British Army officer (1709–1760)

Brigadier-General Charles Lawrence (14 December 1709 - 19 October 1760) was a British Army officer who, as lieutenant governor and subsequently governor of Nova Scotia, is perhaps best known for overseeing the Expulsion of the Acadians and settling the New England Planters in Nova Scotia. He was born in Plymouth, England, and died in Halifax, Nova Scotia.
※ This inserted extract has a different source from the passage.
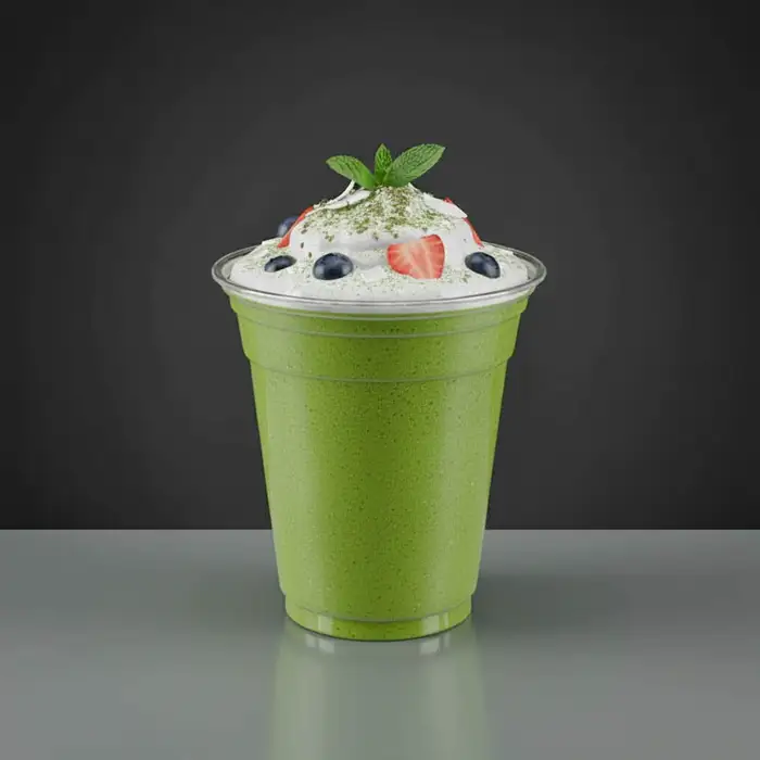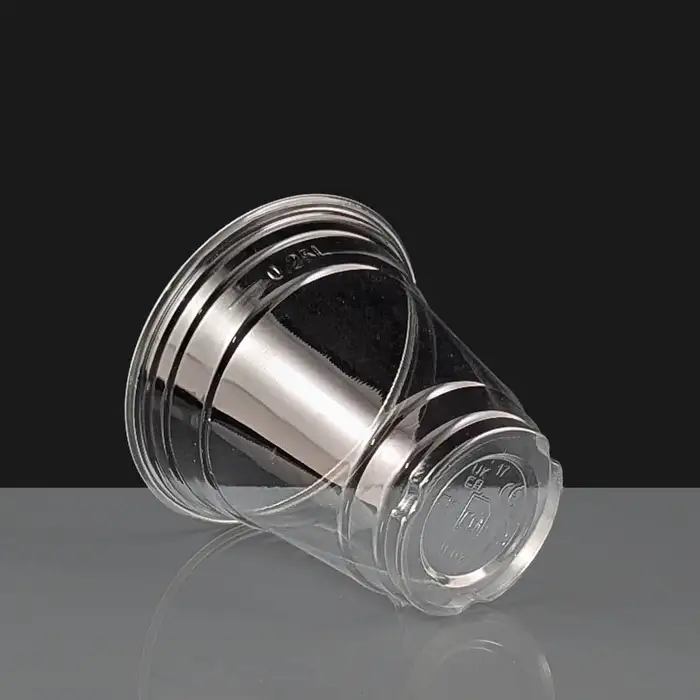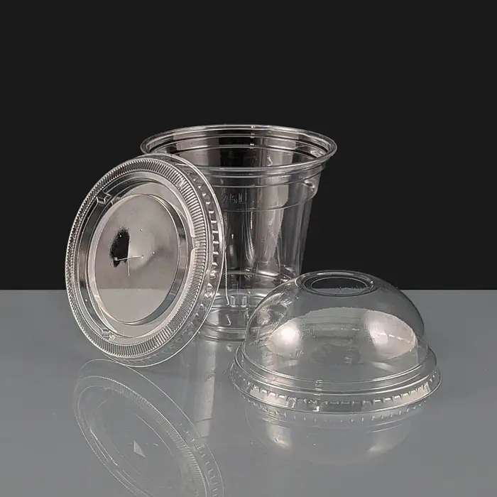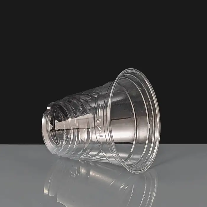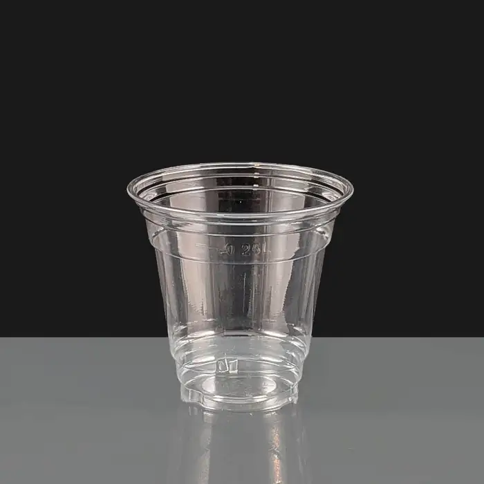 Clear plastic rPET smoothie cup with a capacity of 320ml to brim. The cup is UK CA stamped with a line at 250ml., Made from recycled PET, these glasses are easy to dispose of in kerbside bins after use. Flat and domed lids are available for these cups separately. Ideal for fruit or milk based smoothies, detox drinks and any cold liquids.

According to historian Elizabeth Griffiths, Lawrence was seen as a "competent", "efficient" officer with a "service record that had earned him fairly rapid promotion, a person of considerable administrative talent who was trusted by both Cornwallis and Hopson." He is buried in the crypt of St. Paul's Church (Halifax).

==Early career==
Lawrence was born in Plymouth (Devon) on 14 December 1709. He followed his father, General Charles John Lawrence, who is said to have served in Flanders under John Churchill, 1st Duke of Marlborough, into a military career.

Charles Lawrence's earlier life is obscure. He was commissioned in the 11th Regiment of Foot and served in the West Indies from 1733 until 1737. He then served in the War Office. He was made lieutenant in 1731 and then captain in 1745. He was wounded while serving with the 54th Foot in the Battle of Fontenoy in 1745.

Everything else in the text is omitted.